When I found out about the R implementation of Keras, it crossed my mind that I may be able to implement everything within Alteryx using the R Tool. However I have no experience using R, and although I am very interested to learn it, since I already know keras with python, I am debating whether it will be worth putting the time and effort to learn a new language to make my neural net purely in Alteryx using R.
While doing research I came up with a couple questions that will help me decide whether I want to use R or Python for my keras network.
First of all, I am curious as to what the format of the 'R Model Object' outputted by the Alteryx Predictive tools are in (linear regression, decision tree, neural network, etc..).
If I were to create my keras model in python, what format would my python script have to return my model in for Alteryx to be able to read it in as an R model object that can then be passed in to the score or cross validation tool?
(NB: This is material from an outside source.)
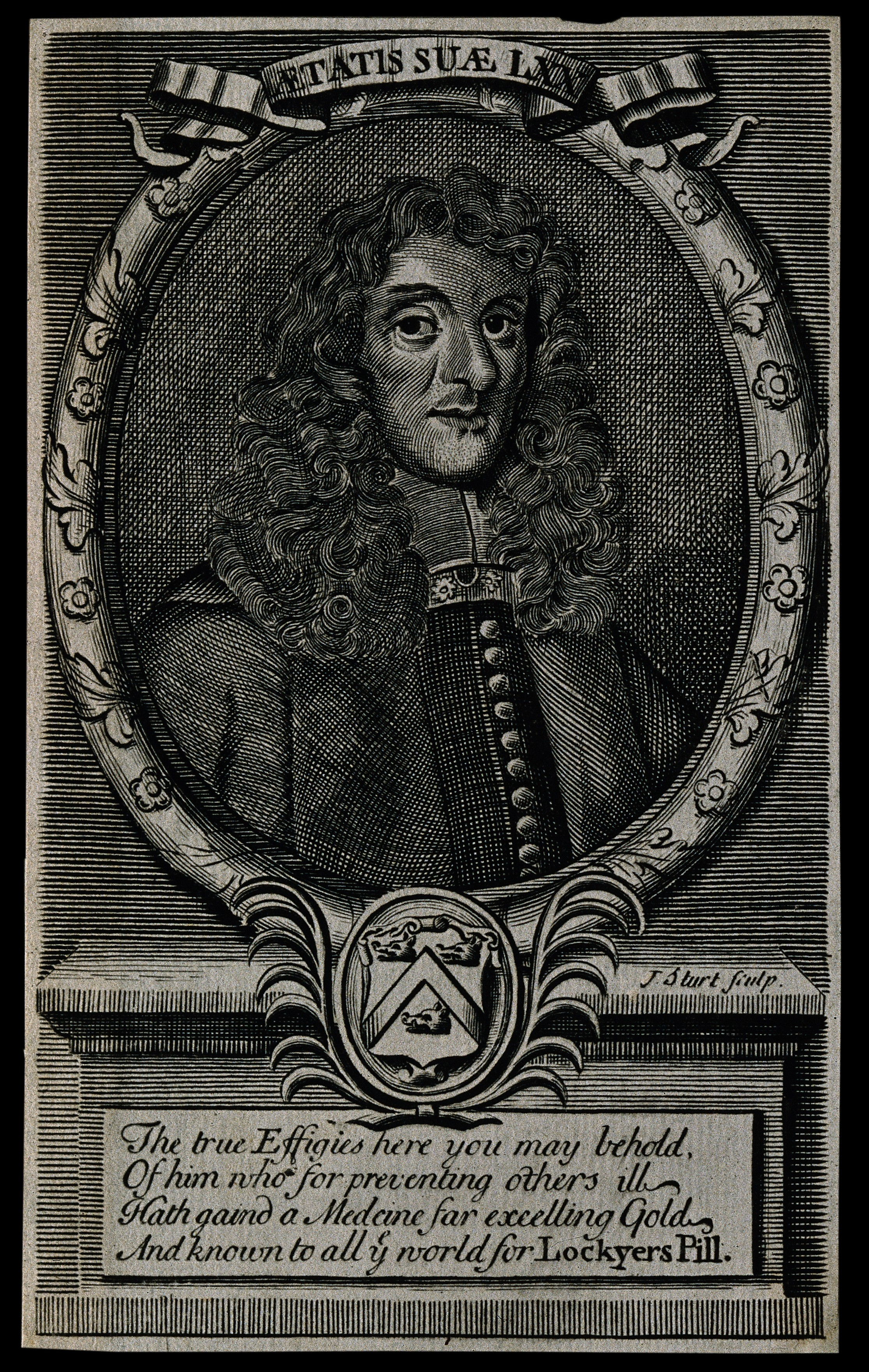 Lionel Lockyer. Line engraving by J. Sturt. Iconographic Collections Keywords: Lionel Lockyer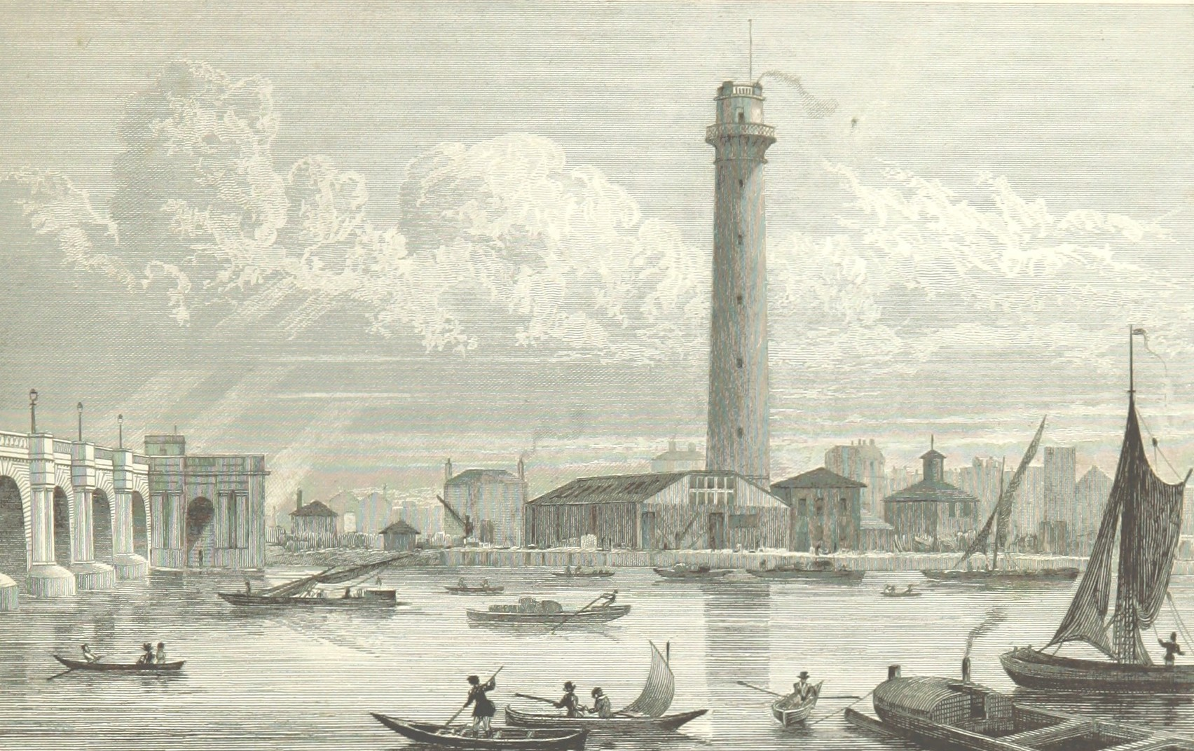 View across the Thames to the Shot Tower of the Lambeth Lead Works, built in 1826 for Thomas Maltby & Co. It was demolished to make way for the Queen Elizabeth Hall, which opened in 1967.

Similarly, if I were to create my keras model using R in the R tool, what would I need to do to my keras model so Alteryx will read the model as an 'R Model Object' that can be used with the score or cross validation tool?
I also read somewhere that for the R tool, outputs have to be written to Alteryx as 'dataframes' and I would like to know more about this.
If anyone has experience integrating a keras deep neural net into an Alteryx workflow I would be grateful for any guidance.
I came across this post today, and I know that you may have already worked through this or are no longer working on it, but I wanted to make sure there was a response to some of your questions in case someone has a similar question or you still need help.
The R Model Objects generated by the Alteryx Predictive Tools are serialized R models in a Blob format, (i.e., R code objects converted to a format that can be safely passed through the Alteryx Engine). The Score tool and the Cross Validation tool (as well as most predictive tools) are R-based macros, meaning that the core function of these tools comes from a script within an R tool. At this time the Alteryx Predictive tools are all entirely R-based, and they will not work with any models that have been generated in Python.
Additionally, the Score tool will only work for certain model types. These types are: glm, svyglm, negbin, randomForest.formula, rpart, gbm, lm, rxLogit, rxGlm, rxLinMod, rxDTree, rxDForest, earth, naiveBayes, svm.formula, nnet.formula, coxph, elnet, glmnet, cv.glmnet, and C5.0. If the model you have built in with R is not one of these types, you will receive an error when attempting to pass your model to the Score tool. To create estimates with your model in Alteryx, you will likely need to create your own Score tool with custom code and an R Tool. The same will be true for the Cross Validation tool, the Model Comparison tool, or any other R tools that come with the Predictive Tools install.
Outputs of the R tool (excluding model object) do need to be in an R data.frame format. This is the expected format for conversion back into the Alteryx data stream. For additional help reading in and writing out of an R tool, please see this Community post: A Cheat Sheet of Functions to Use in the R tool.
For this type of project, you can explore the Python SDK, the Python tool, or the R tool. At this point, the R tool is the most established and will have the most documentation and fully fleshed-out features for developing a complex predictive model. All three tools would allow you to download the Keras package in their respective language. For additional assistance integrating your model into Alteryx, I would consider exploring and posting to our Developer's Community, which is more geared for code questions.
If you have had success in this project, please consider posting back how you approached it. I am sure there are many users like you that would be very interested to learn about your process.